Which one you use, depends on the circuit the crystal is used in.
Crystals are sold as parallel or series resonant, depending on which of these two points is intended to be used.
The other point is still there, but it may not perform well.
- All parallel resonant crystals have a specification that tells you how much loading capacitance is expected to be in the final circuit. However, you can't use that value directly.
First, there will be some amount of parasitic capacitance in the circuit, which we'll call "CP"
This happens in the traces, wires, and sockets.
Second, the chip itself will have some amount of input capacitance, which we'll call "CI"
Finally, the specified load capacitance, which we'll call "CL"
- A key point, is that from the crystal's point of view, the capacitors are in series.
This means that the values you need would be twice the value specified for CL.
If your crystal wants 22pF, then you would start out with an estimated value of 44pF for each cap.
However, you must subtract a bit for the parasitic capacitance, and the chip's input capacitance.
The final formula comes out as C=2(CL)-(CP+CI)
- You can estimate (CP+CI) to be about 5pF as a starting point, so our C value becomes:
C=(44)-(5) or 39pF.
If all you wanted is to get your project going, then this is what you needed.
However, if you'd also like to minimize your EMI output, then carry on to the next section.
Microcontroller Crystals, Advanced.
So we've got the right cap values, what more could there be?

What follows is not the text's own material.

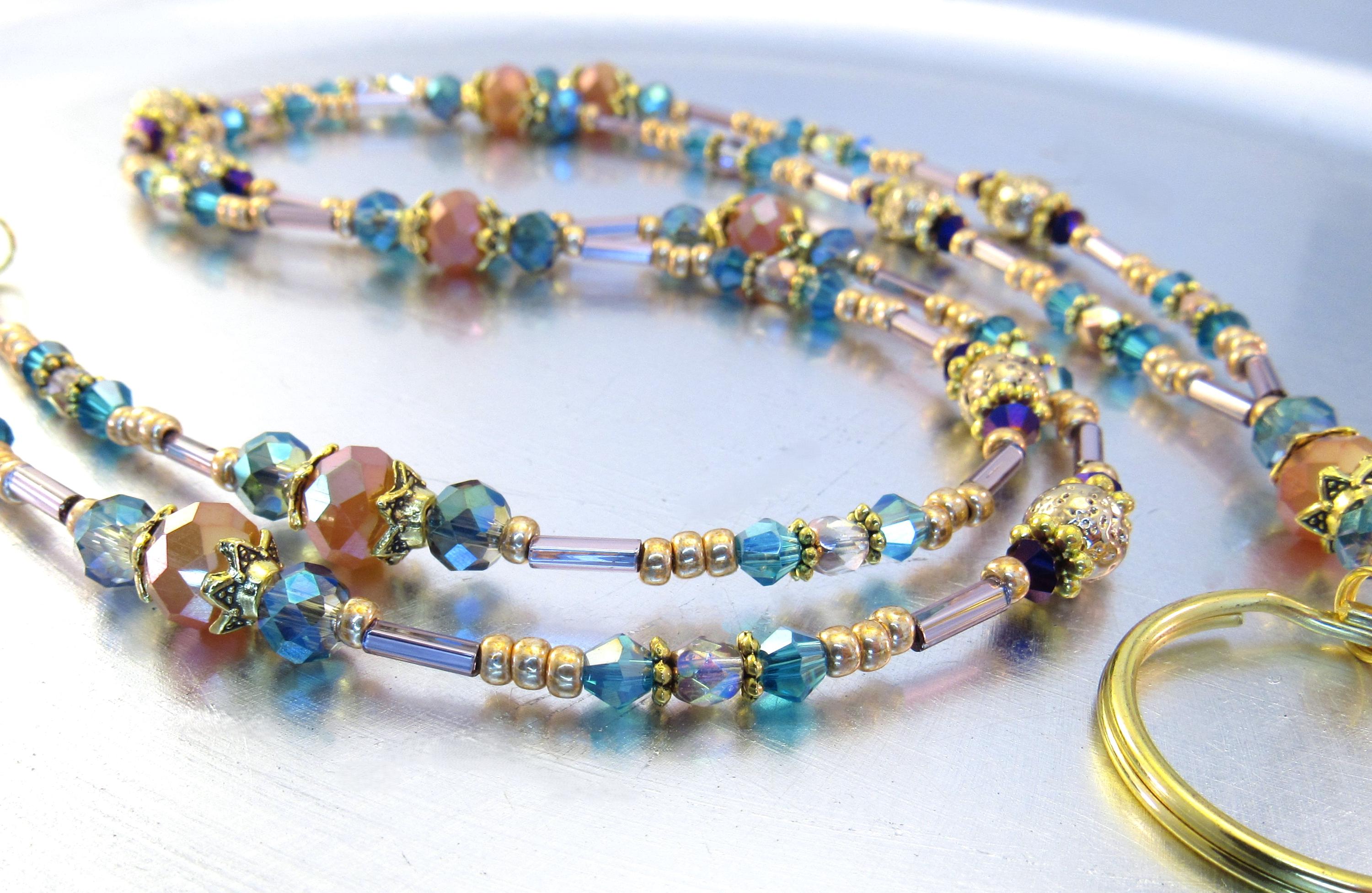 This lanyard is a nice length, about 32 1/2" long from end to end with another 2" where the focal beads and split ring fall (or about 18 1/2" from the back of the neck to the bottom of the key ring). You can add keys, charms and connect other attachments for your ID badge.

- As it turns out, it's not quite so simple, if you care about minimising your EMI output.
The normal sort of crystal oscillator circuit has an input pin, and an output pin. The input pin is pretty simple-minded, it basically looks like a capacitor. But what's on the other side of that capacitor?

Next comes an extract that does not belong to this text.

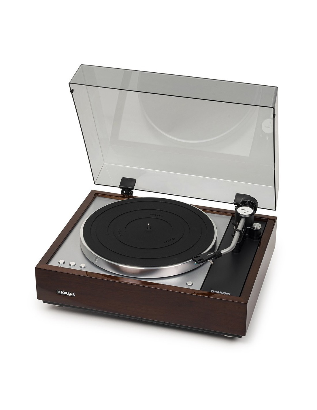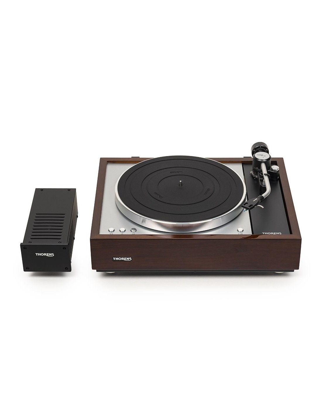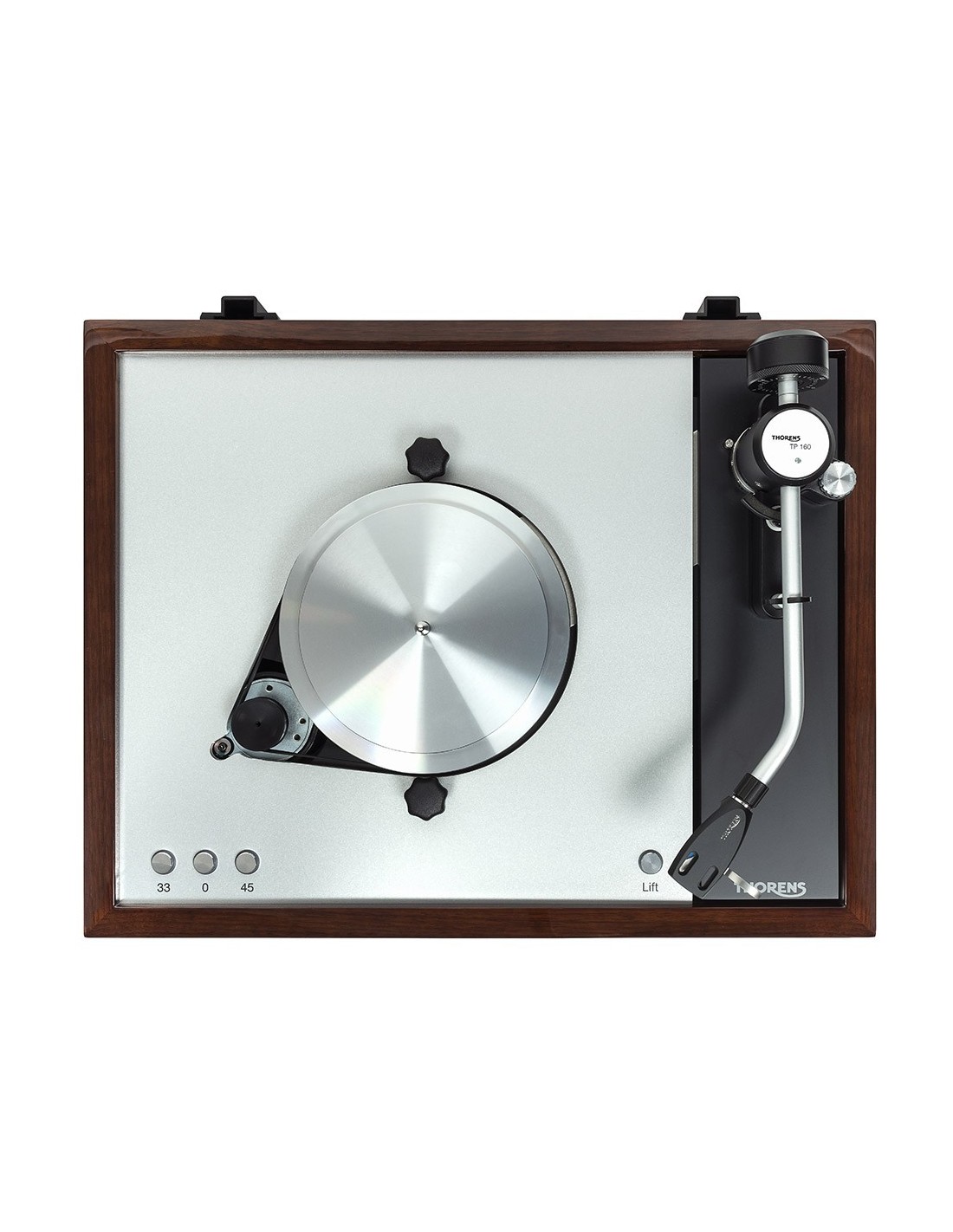 Giradischi a telaio sospeso flottante con trazione a cinghia, rivisitazione tecnologicamente perfezionata degli storici modelli Thorens TD 160 e TD 150 - braccio ultra preciso TP 160 a forma di J da 9 pollici sviluppato da Helmut Thiele, di massa effettiva 14 grammi, dotato di cuscinetti a lama di coltello stabilizzati orizzontalmente mediante magneti appositamente calibrati per garantire la massima accuratezza di tracciamento - headshell portatestina rimovibile con connettore SME (testina da acquistare separatamente) - alzabraccio elettrico con funzione di arresto automatico a fine corsa con sensore ottico - controtelaio stabilizzato su 3 molle coniche montate sulla base del giradischi - sistema calibrato con tirante in acciaio collegato ad un perno in acciaio ancorato alla base, in grado di prevenire le oscillazioni e consentire un movimento solo verticale al controtelaio - piatto in due parti dinamicamente bilanciato in lega d'alluminio lavorato a macchina - motore sincrono DC stabilizzato a controllo elettronico con unità di alimentazione lineare esterna ad altissime prestazioni TPN 1600 con trasformatore toroidale e tensione d'uscita da 2 x 16 VDC - cinghia interna a tensione regolabile - iconico plinto in legno - uscite bilanciate XLR e sbilanciate RCA - tappetino smorzante in gomma e cappa parapolvere in dotazione - finitura Walnut High Gloss (noce laccato) - dimensioni (L x A x P) 454 x 180 x 369 mm - peso 11 Kg

- Answer: Ground, and VCC. So current into or out of this pin, ends up on Ground or VCC.
When you think about it, it makes sense. That current has got to flow, and it has got to return to the source.
This is a key point that's often missed, or not fully understood.
- Also, the output pin is a pair of FETs that source current alternately, from VCC, and to Ground.
Is this taking shape yet?
- If you really want to get it as quiet as possible, you now split your caps (39pF from the previous example) into a pair of 19pF caps on each side, one to VCC, and one to ground!
- It is critical that these caps connect directly, and only to the processor power pins, by a separate track.
Don't dump the ground side caps into a plane, and don't connect the VCC side caps to any other point on the VCC tracks.
If you do, you have just created a shunt-fed antenna, driven by the microcontroller, passing the higher order odd harmonics of the crystal frequency through the caps!
If anything else is connected to these tracks, then it's an antenna!
- So why don't you see this technique used more frequently?
Probably because of the extra expense of two more capacitors.
Also, because "The other guys don't do it that way."
Remember, when you copy the other guy's answers, you also copy his mistakes.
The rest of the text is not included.